The wiring 23 is formed of, for example, platinum. The wiring 23 is arranged in the insulating layer 22. More specifically, the wiring 23 is arranged on the third layer 22c and is covered with the fourth layer 22d. The periphery of the wiring 23 is covered with an adhesion layer 23a. The adhesion layer 23a is formed of, for example, titanium oxide. The adhesion between the wiring 23 and the insulating layer 22 (the third layer 22c and the fourth layer 22d) is secured by the adhesion layer 23a.

The wiring 23 includes a heater part 23b. The heater part 23b is arranged in the membrane portion of the insulating layer 22. A portion of the wiring 23 constituting the heater part 23b meanders in a plan view. When a current flows through the wiring 23, the heater part 23b generates heat due to resistance, so that the solid electrolyte layer 27 is heated.

The wiring 24 is formed of, for example, platinum. The wiring 24 is arranged in the insulating layer 22. More specifically, the wiring 24 is arranged on the fifth layer 22e and is covered with the sixth layer 22f. The periphery of the wiring 24 is covered with an adhesion layer 24a. The adhesion layer 24a is formed of, for example, titanium oxide. The adhesion between the wiring 24 and the insulating layer 22 (the fifth layer 22e and the sixth layer 220 is secured by the adhesion layer 24a.

The wiring 24 includes a temperature sensor part 24b. A portion of the wiring 24 constituting the temperature sensor part 24b meanders in a plan view. The temperature sensor part 24b is located at a position overlapping the heater part 23b in a plan view. The temperature sensor part 24b functions as a resistance thermometer bulb. That is, a temperature in the vicinity of the temperature sensor part 24b is measured by measuring a change in an electric resistance value of the wiring 24 constituting the temperature sensor part 24b.

The porous oxide layer 25 is arranged on the membrane portion of the insulating layer 22. The porous oxide layer 25 is formed of, for example, tantalum oxide. Since the porous oxide layer 25 is porous, it serves as a flow path through which the detection target gas flows.

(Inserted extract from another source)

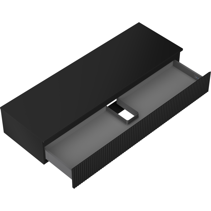 Mexen Rivel koupelnová skříňka pod umyvadlo 140 cm s pracovní deskou, 1 zásuvka, drážkovaná, matná černá - 91A20-14023-1-BFC71
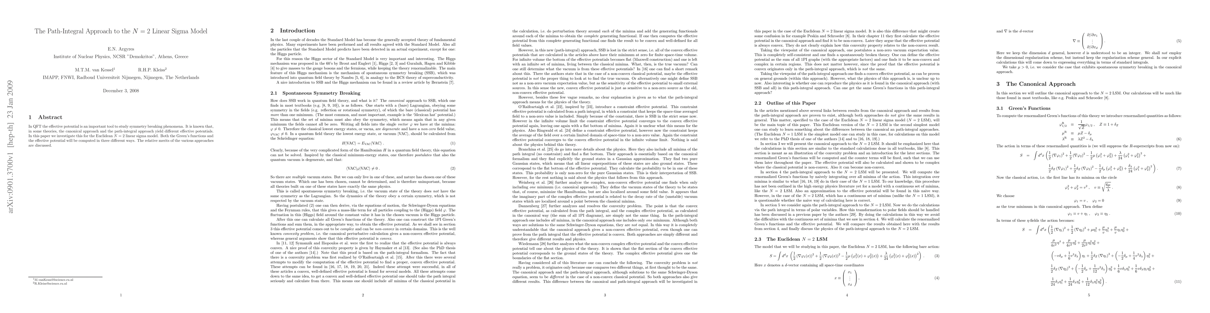 In QFT the effective potential is an important tool to study symmetry breaking phenomena. It is known that, in some theories, the canonical approach and the path-integral approach yield different effective potentials. In this paper we investigate this for the Euclidean N=2 linear sigma model. Both the Green's functions and the effective potential will be computed in three different ways. The relative merits of the various approaches are discussed.

The cathode 26 is a layer formed of porous metal. The cathode 26 is formed of, for example, platinum. The cathode 26 is arranged on the porous oxide layer 25. The solid electrolyte layer 27 is formed of an oxygen ion conductor. A specific example of the oxygen ion conductor may include yttria-stabilized zirconia. The yttria-stabilized zirconia exhibits oxygen ion conductivity when it is heated to about 500 degrees C. The solid electrolyte layer 27 is arranged on the cathode 26.

The insulating layer 28 is, for example, a layer in which a silicon oxide layer and a tantalum oxide layer are stacked. The insulating layer 28 is arranged on the insulating layer 22 so as to cover the porous oxide layer 25, the cathode 26, and the solid electrolyte layer 27. The insulating layer 28 is formed with an opening that exposes the solid electrolyte layer 27.

The anode 29 is arranged on a portion of the solid electrolyte layer 27, which is exposed from the opening of the insulating layer 28. The anode 29 is a layer formed of porous metal. The anode 29 is formed of, for example, platinum.

When the carbon dioxide gas in the detection target gas reaches the cathode 26 through the porous oxide layer 25, it becomes oxygen ions by receiving electrons from the cathode 26. These oxygen ions move to the anode 29 through the solid electrolyte layer 27 by a voltage between the cathode 26 and the anode 29. The oxygen ions that have moved to the anode 29 become an oxygen gas by emitting electrons to the anode 29.

A current flowing between the cathode 26 and the anode 29 due to this reaction is proportional to the concentration of the carbon dioxide gas in the detection target gas. Therefore, by detecting the current flowing between the cathode 26 and the anode 29, the first element 20 can detect the carbon dioxide concentration in the detection target gas.

The minimum value of the voltage between the cathode 26 and the anode 29 where the above reaction occurs is defined as a first voltage. A voltage equal to or higher than the first voltage is applied between the cathode 26 and the anode 29. When the cathode 26 and the anode 29 are formed of platinum, the first voltage is about 2.2 volts.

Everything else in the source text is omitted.